### Task requirements
Each line of the data must be written out again verbatim; no image belongs in the copy.

### Data section
========================

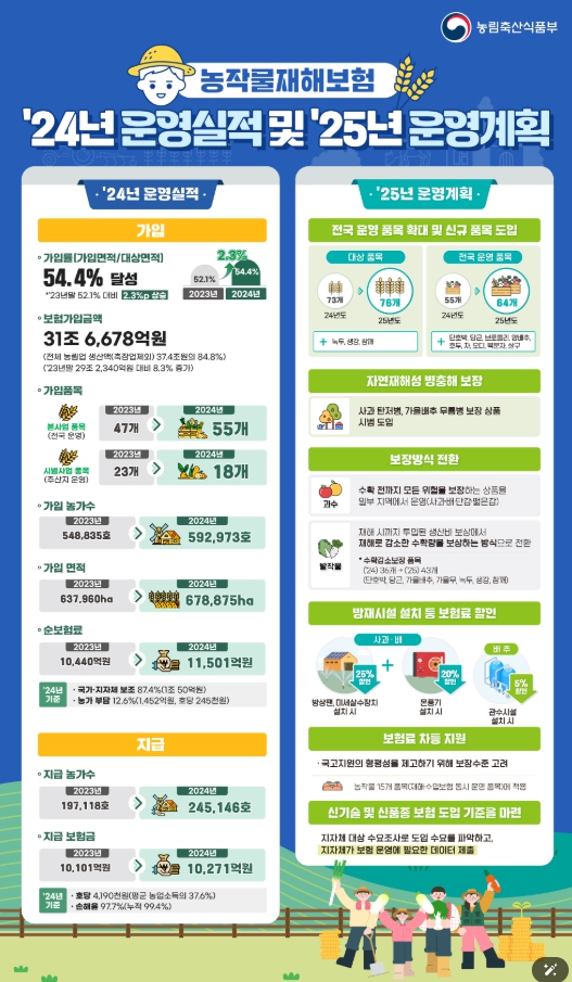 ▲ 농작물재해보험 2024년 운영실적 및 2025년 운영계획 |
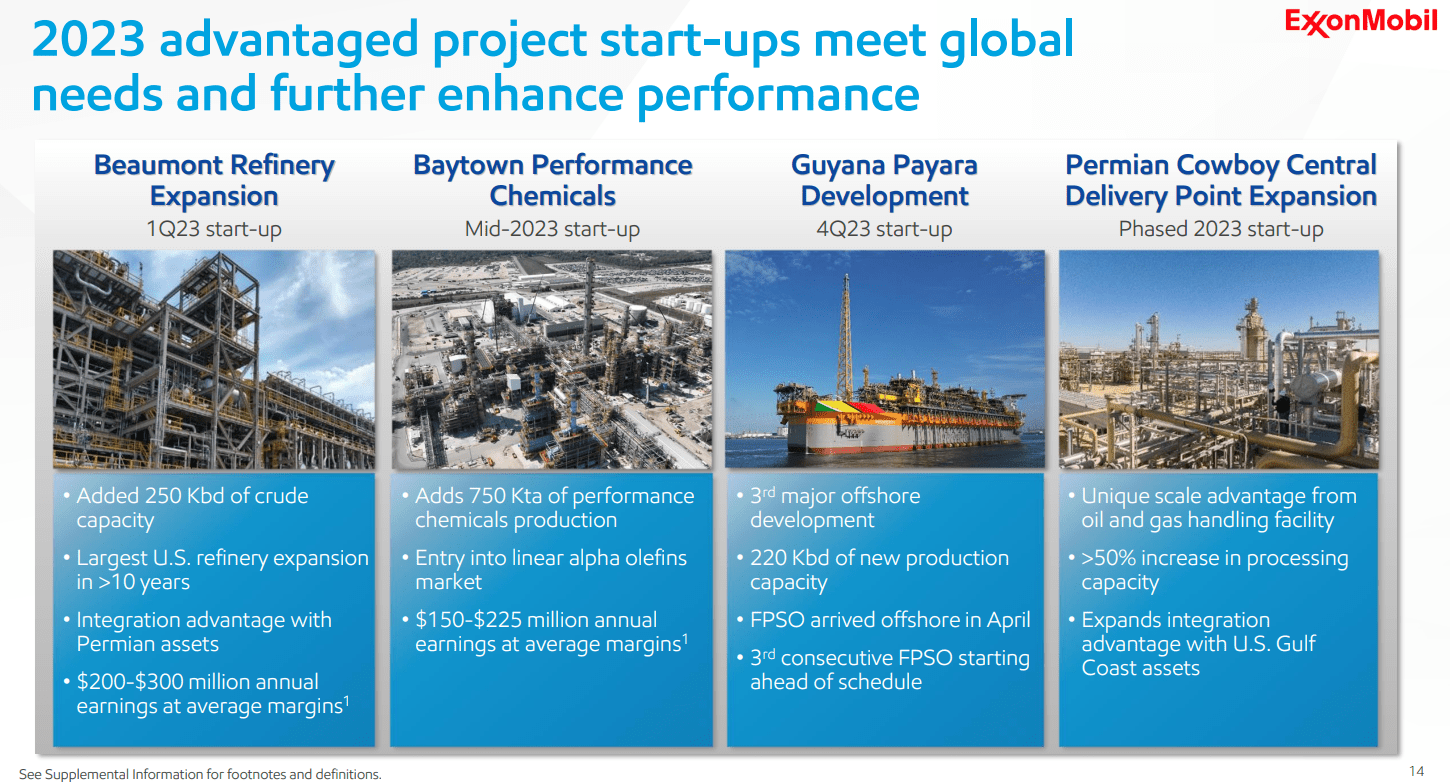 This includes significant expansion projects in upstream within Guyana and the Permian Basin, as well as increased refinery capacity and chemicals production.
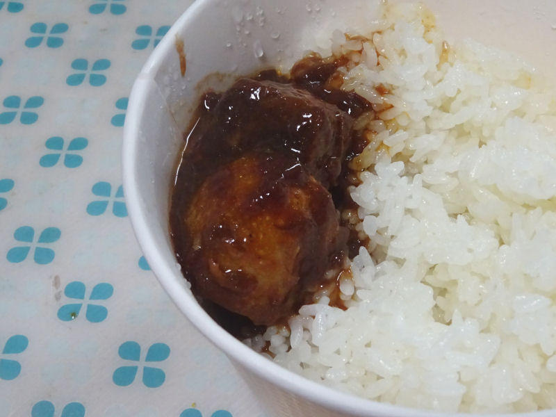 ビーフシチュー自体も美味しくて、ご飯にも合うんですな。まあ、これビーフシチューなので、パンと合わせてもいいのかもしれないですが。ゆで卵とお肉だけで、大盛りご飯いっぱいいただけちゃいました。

========================

### Written solution
 ▲ 농작물재해보험 2024년 운영실적 및 2025년 운영계획 |
 This includes significant expansion projects in upstream within Guyana and the Permian Basin, as well as increased refinery capacity and chemicals production.
 ビーフシチュー自体も美味しくて、ご飯にも合うんですな。まあ、これビーフシチューなので、パンと合わせてもいいのかもしれないですが。ゆで卵とお肉だけで、大盛りご飯いっぱいいただけちゃいました。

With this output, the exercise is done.